Unverified Agent Claims
❌ Anti-pattern:
"The subagent reported that tests pass."
✅ Correct:
"Verifying subagent's claim by running tests..."
[execute tests directly]
"Confirmed: tests pass as reported"
Skipping Due to Fatigue
❌ Anti-pattern:
"We've been working on this for a while,
let's skip verification and move on."
✅ Correct:
"Long session requires careful verification.
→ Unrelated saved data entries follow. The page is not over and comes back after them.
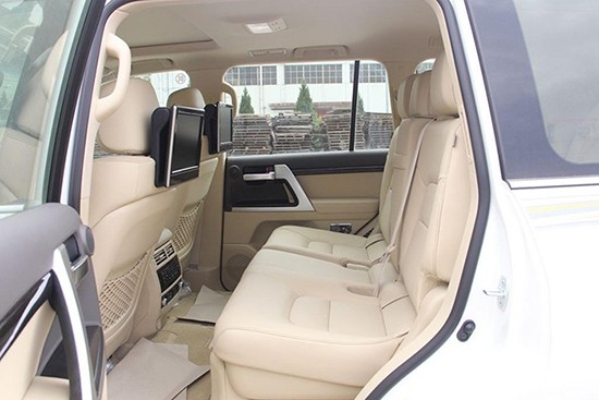 这是一台升级过中排座椅的酷路泽,全车从原本的中间三人座改为两人独立座椅、加中央马鞍隔断扶手,左右两张座椅带有电动调节功能可实现坐姿调整,电动可调节功能多达十六项,分别是:腿部支撑调节、座垫调节、靠背角度调节、脊椎调节、肩部支撑调节和四项腰部支撑调节、前前后后加起来十六项,能轻松实现高舒适度标准要求的车主。
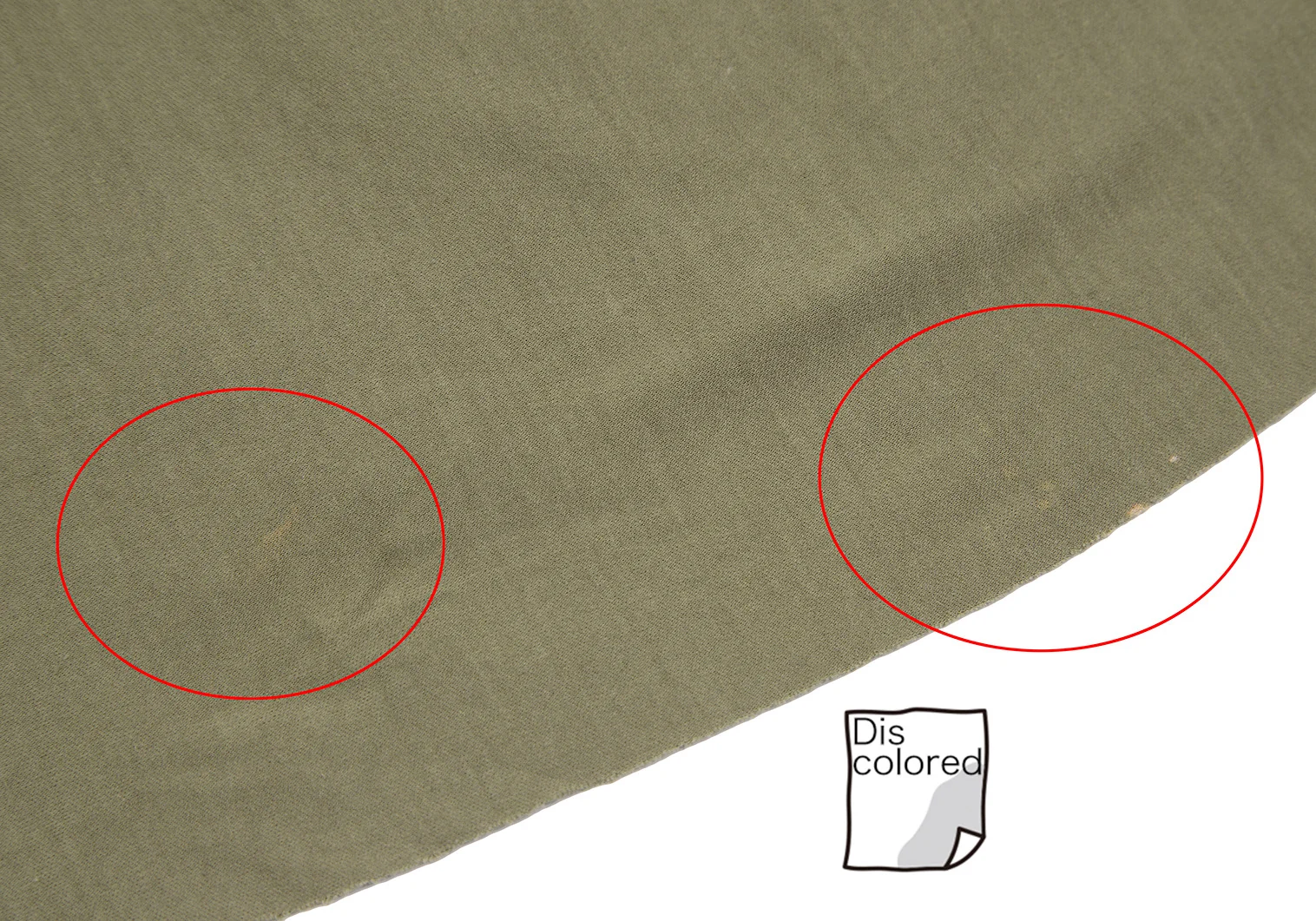 首元・袖口に褪せ、前裾に変色があります(写真参照)。その他目立ったシミ、汚れ、ほつれ等はありません。クリーニング済み
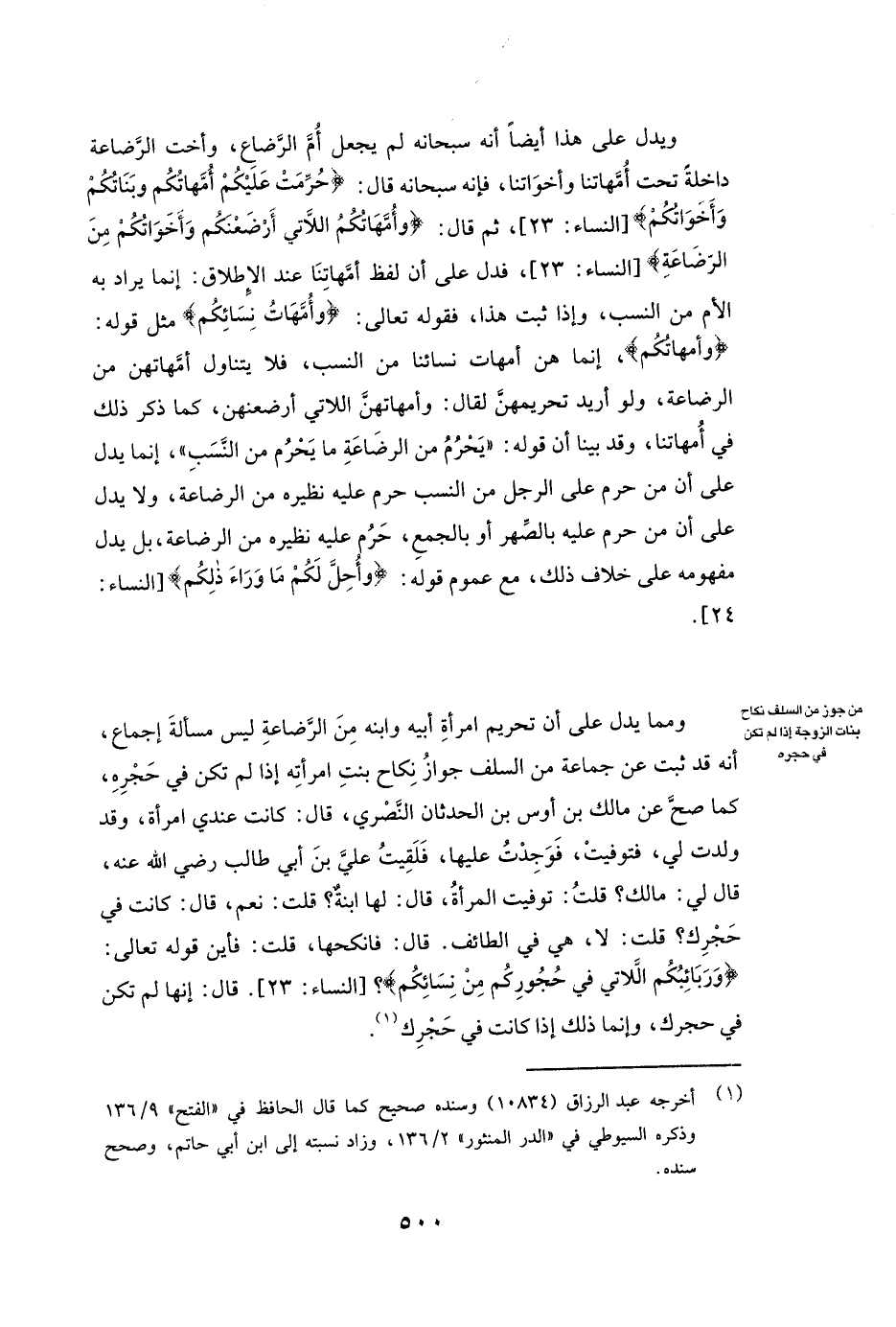 وَمِمَّا يَدُلُّ عَلَى أَنَّ تَحْرِيمَ امْرَأَةِ أَبِيهِ وَابْنِهِ مِنَ الرَّضَاعَةِ لَيْسَ مَسْأَلَةَ إِجْمَاعٍ، أَنَّهُ قَدْ ثَبَتَ عَنْ جَمَاعَةٍ مِنَ السَّلَفِ جَوَازُ نِكَاحِ بِنْتِ امْرَأَتِهِ إِذَا لَمْ تَكُنْ فِي حَجْرِهِ، كَمَا صَحَّ عَنْ مَالِكِ بْنِ أَوْسِ بْنِ الْحَدَثَانِ النَّصْرِيِّ قَالَ: كَانَتْ عِنْدِي امْرَأَةٌ وَقَدْ وَلَدَتْ لِي فَتُوُفِّيَتْ فَوَجِدْتُ عَلَيْهَا، فَلَقِيتُ عَلِيَّ بْنَ أَبِي طَالِبٍ - رَضِيَ اللَّهُ عَنْهُ - قَالَ لِي: مَا لَكَ؟ قُلْتُ: تُوُفِّيَتِ الْمَرْأَةُ، قَالَ: لَهَا ابْنَةٌ؟ قُلْتُ: نَعَمْ، قَالَ: كَانَتْ فِي حَجْرِكَ؟ قُلْتُ: لَا، هِيَ فِي الطَّائِفِ. قَالَ: فَانْكِحْهَا، قُلْتُ: فَأَيْنَ قَوْلُهُ تَعَالَى: {وَرَبَائِبُكُمُ اللَّاتِي فِي حُجُورِكُمْ مِنْ نِسَائِكُمُ} [النساء: 23] ؟ [النِّسَاءِ: 23] . قَالَ: إِنَّهَا لَمْ تَكُنْ فِي حَجْرِكَ، وَإِنَّمَا ذَلِكَ إِذَا كَانَتْ فِي حَجْرِكَ.
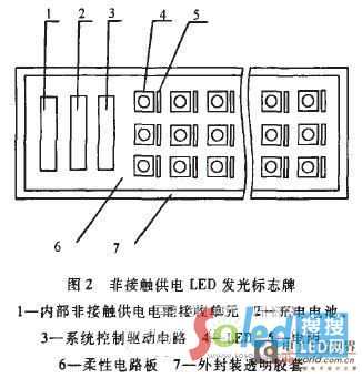 本文設(shè)計的非接觸供電LED發(fā)光標(biāo)志牌(如圖2所示),它由內(nèi)部非接觸供電電能接收單元、充電電池、LED、LED驅(qū)動電路、系統(tǒng)控制電路、柔性電路板、外封裝透明膠套構(gòu)成。外部由非接觸供電電能發(fā)送單元及電源構(gòu)成。
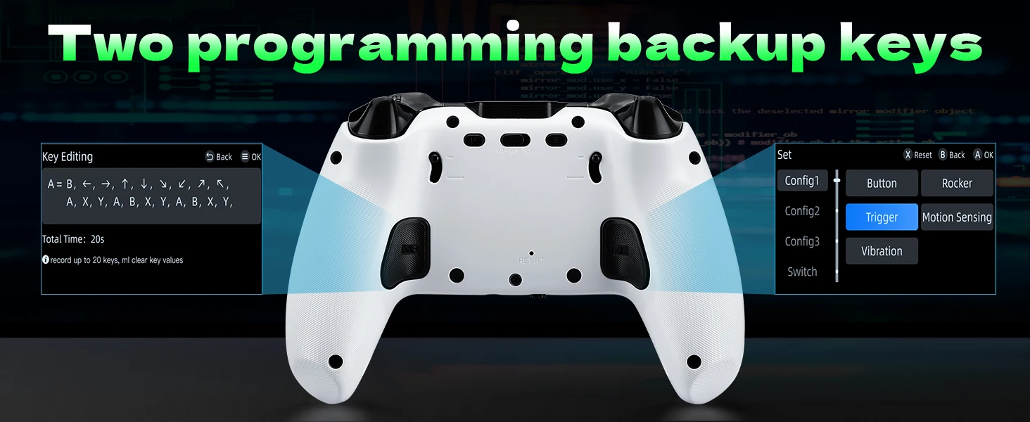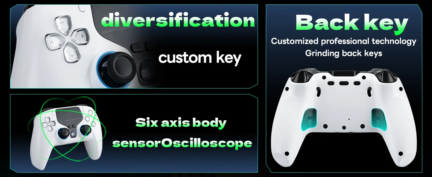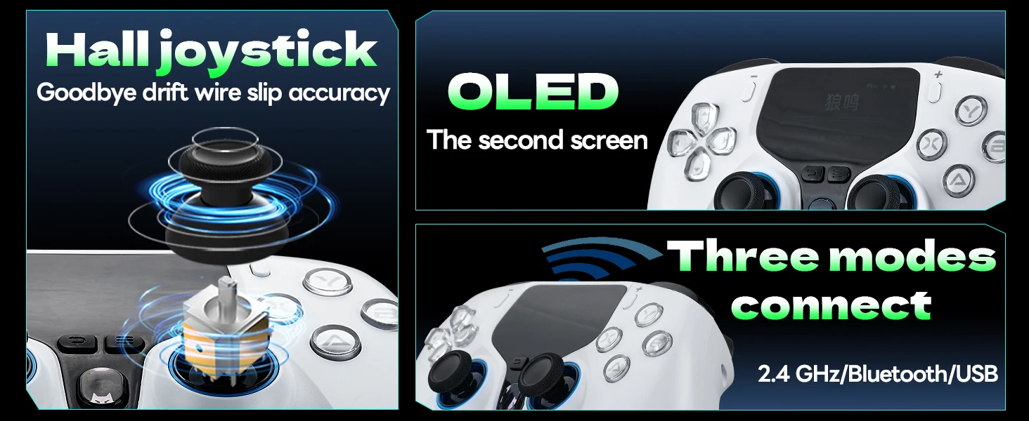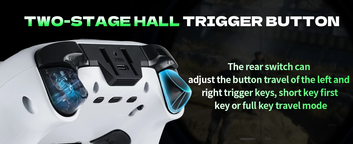 • Hall Effect Joysticks & Hall Effect Triggers (L2/R2) with adjustable trigger travel (short/long modes).

Taking time to verify properly..."
[complete full verification]
"Verified before proceeding"
Checklist Before Declaring Complete
Before saying "implementation is complete":
- Unit tests executed and pass (100%)
- Coverage measured and meets target
- Integration tests pass (if applicable)
- Linting passes with zero errors
- Type checking passes (if applicable)
- Build succeeds
- Manual verification performed
- Performance acceptable
- Security considerations checked
- All evidence documented
- No "should work" language used
If ANY item unchecked → implementation NOT complete.
Summary
Remember:
- Evidence over assumptions
- Run actual commands, read actual output
- Never trust without verification
- Document all verification results
- Partial success is not success
- When verification fails repeatedly, escalate
- No "should work" - only "verified to work"
Verification is not optional. It's the gate between code and confidence.